Search code examples
pythonmatrixscipysparse-matrix

Division of sparse matrix


I have a scipy.sparse matrix with 45671x45671 elements. In this matrix, some rows contain only '0' value.

My question is, how to divide each row values by the row sum. Obviously, with for loop it's work, but I look for an efficient method...

I already tried :

  • matrix / matrix.sum(1) but I have MemoryError issue.
  • matrix / scs.csc_matrix((matrix.sum(axis=1))) but ValueError: inconsistent shapes
  • Other wacky things...

Moreover, I want to skip rows with only '0' values.

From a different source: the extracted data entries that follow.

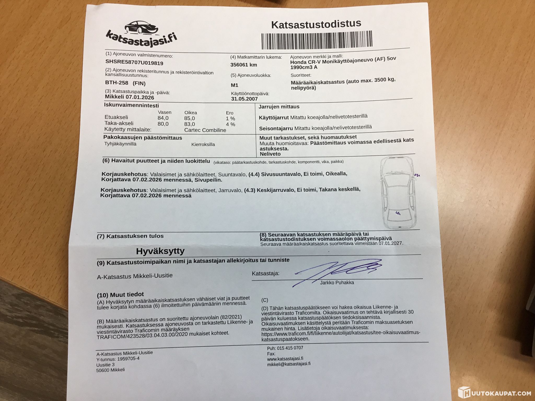 Ajoneuvolla on tehty lyhyt koeajo. Koeajolla havaitsimme: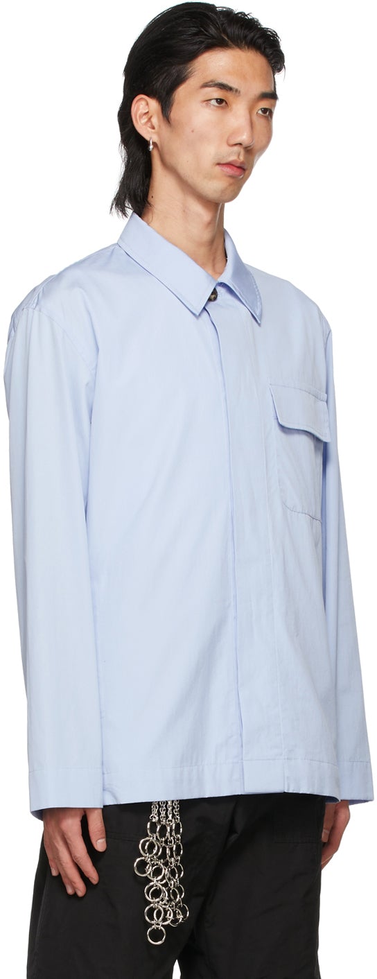 Long sleeve cotton poplin shirt in blue. Button accent at spread collar. Concealed button closure at front. Flap pocket at chest. Welt pockets at waist. Tortoiseshell hardware. Supplier color: Light blue 100% cotton. Brand: Dries Van Noten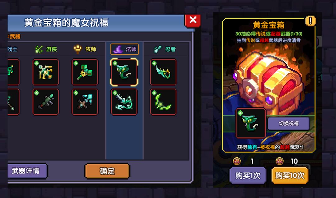 魔女祝福选择武器后开箱,前期概率感人,推荐把能换黄金武器币的地方都换了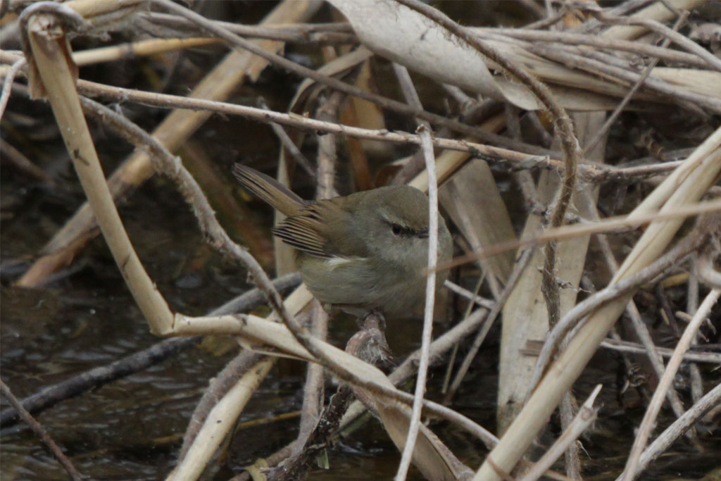 ウグイス。これも茂みの中などにいて、開けたところにはなかなか出てこない鳥です。今の時期は、まだホーホケキョとは鳴きません。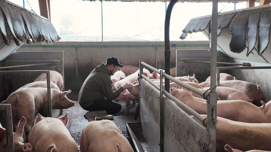 Ein Arbeitstag auf Hermanns Schweinehof beginnt früh – noch vor Sonnenaufgang geht es nach einem schnellen Kaffee direkt in den Stall. Gemeinsam mit seinen Eltern und Mitarbeiter:innen kümmert er sich um die Tiere: Fütterung vorbereiten, Rundgänge machen, die Gesundheit der Schweine überprüfen und sicherstellen, dass alles im Stall funktioniert. Danach warten je nach Jahreszeit Feldarbeiten wie Säen oder Ernten auf ihn, aber auch Organisation und Büroarbeit stehen auf dem Plan. Abends folgt dann eine letzte Kontrolle der Schweine, bevor der Tag zu Ende geht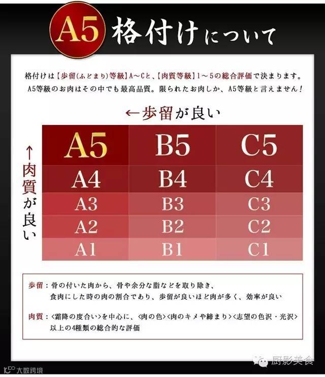 和牛等级分类:日本的牛肉[歩留等级]分为A,B,C.也就是食用 比[肉质等级](油花)分为1~5也就是油花等级肉质的BMS霜降度(Beef Marbling Standard)。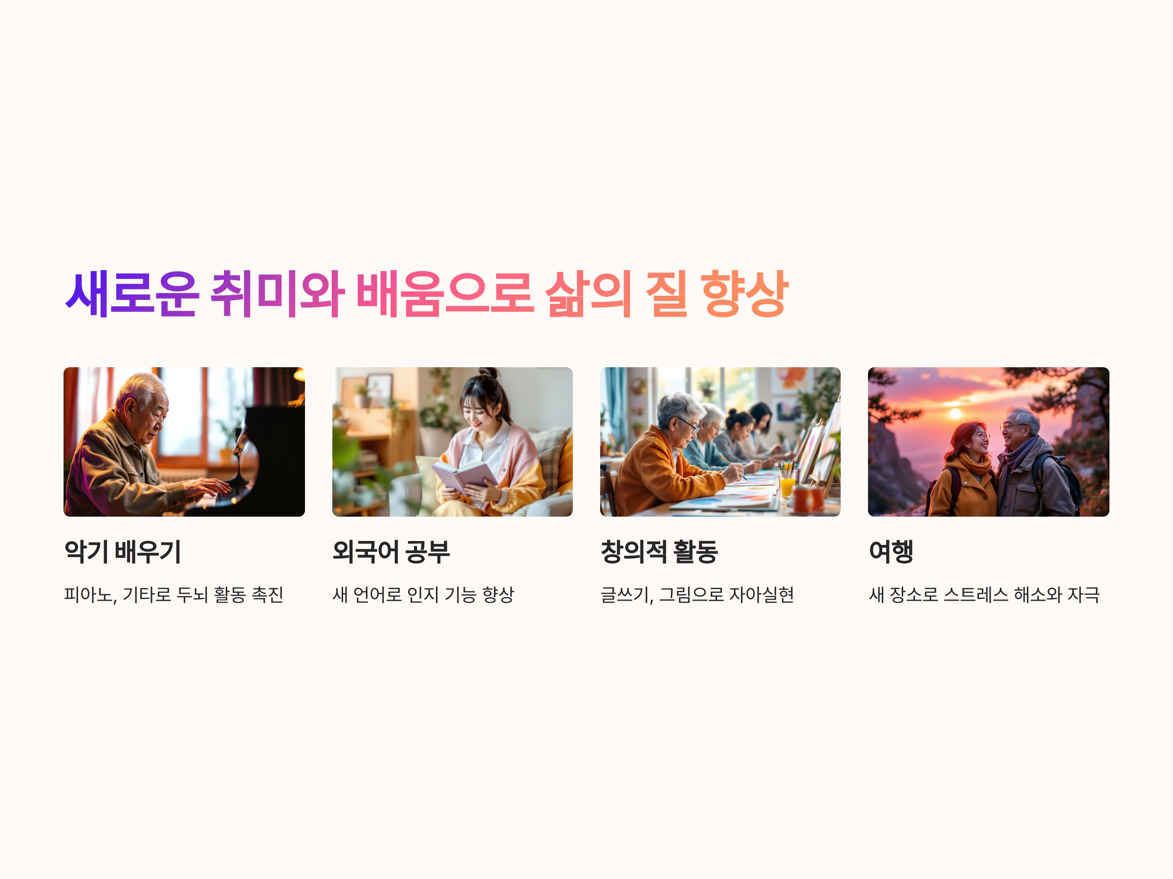 새로운 배움과 도전은 노후 생활의 질을 높이는 중요한 요소입니다.

So, if you have any solution...

Thank you in advance !


Solution

  • I have an M hanging around:

    In [241]: M
    Out[241]: 
    <6x3 sparse matrix of type '<class 'numpy.uint8'>'
        with 6 stored elements in Compressed Sparse Row format>
    In [242]: M.A
    Out[242]: 
    array([[1, 0, 0],
           [0, 1, 0],
           [0, 0, 1],
           [0, 1, 0],
           [0, 0, 1],
           [1, 0, 0]], dtype=uint8)
    In [243]: M.sum(1)            # dense matrix
    Out[243]: 
    matrix([[1],
            [1],
            [1],
            [1],
            [1],
            [1]], dtype=uint32)
    In [244]: M/M.sum(1)      # dense matrix - full size of M
    Out[244]: 
    matrix([[ 1.,  0.,  0.],
            [ 0.,  1.,  0.],
            [ 0.,  0.,  1.],
            [ 0.,  1.,  0.],
            [ 0.,  0.,  1.],
            [ 1.,  0.,  0.]])
    

    That will explain the memory error - if M is so large that M.A produces a memory error.


    In [262]: S = sparse.csr_matrix(M.sum(1))
    In [263]: S.shape
    Out[263]: (6, 1)
    In [264]: M.shape
    Out[264]: (6, 3)
    In [265]: M/S
    ....
    ValueError: inconsistent shapes
    

    I'm not entirely sure what is going on here.

    Element wise multiplication works

    In [266]: M.multiply(S)
    Out[266]: 
    <6x3 sparse matrix of type '<class 'numpy.uint32'>'
        with 6 stored elements in Compressed Sparse Row format>
    

    So it should work if I construct S as S = sparse.csr_matrix(1/M.sum(1))

    If some of the rows sum to zero, you have a division by zero problem.


    If I modify M to have 0 row

    In [283]: M.A
    Out[283]: 
    array([[1, 0, 0],
           [0, 1, 0],
           [0, 0, 0],
           [0, 1, 0],
           [0, 0, 1],
           [1, 0, 0]], dtype=uint8)
    In [284]: S = sparse.csr_matrix(1/M.sum(1))
    /usr/local/bin/ipython3:1: RuntimeWarning: divide by zero encountered in true_divide
      #!/usr/bin/python3
    In [285]: S.A
    Out[285]: 
    array([[  1.],
           [  1.],
           [ inf],
           [  1.],
           [  1.],
           [  1.]])
    In [286]: M.multiply(S)
    Out[286]: 
    <6x3 sparse matrix of type '<class 'numpy.float64'>'
        with 5 stored elements in Compressed Sparse Row format>
    In [287]: _.A
    Out[287]: 
    array([[ 1.,  0.,  0.],
           [ 0.,  1.,  0.],
           [ 0.,  0.,  0.],
           [ 0.,  1.,  0.],
           [ 0.,  0.,  1.],
           [ 1.,  0.,  0.]])
    

    This isn't the best M to demonstrate this on, but it suggests a useful approach. The row sum will be dense, so you can clean up its inverse using the usual dense array approaches.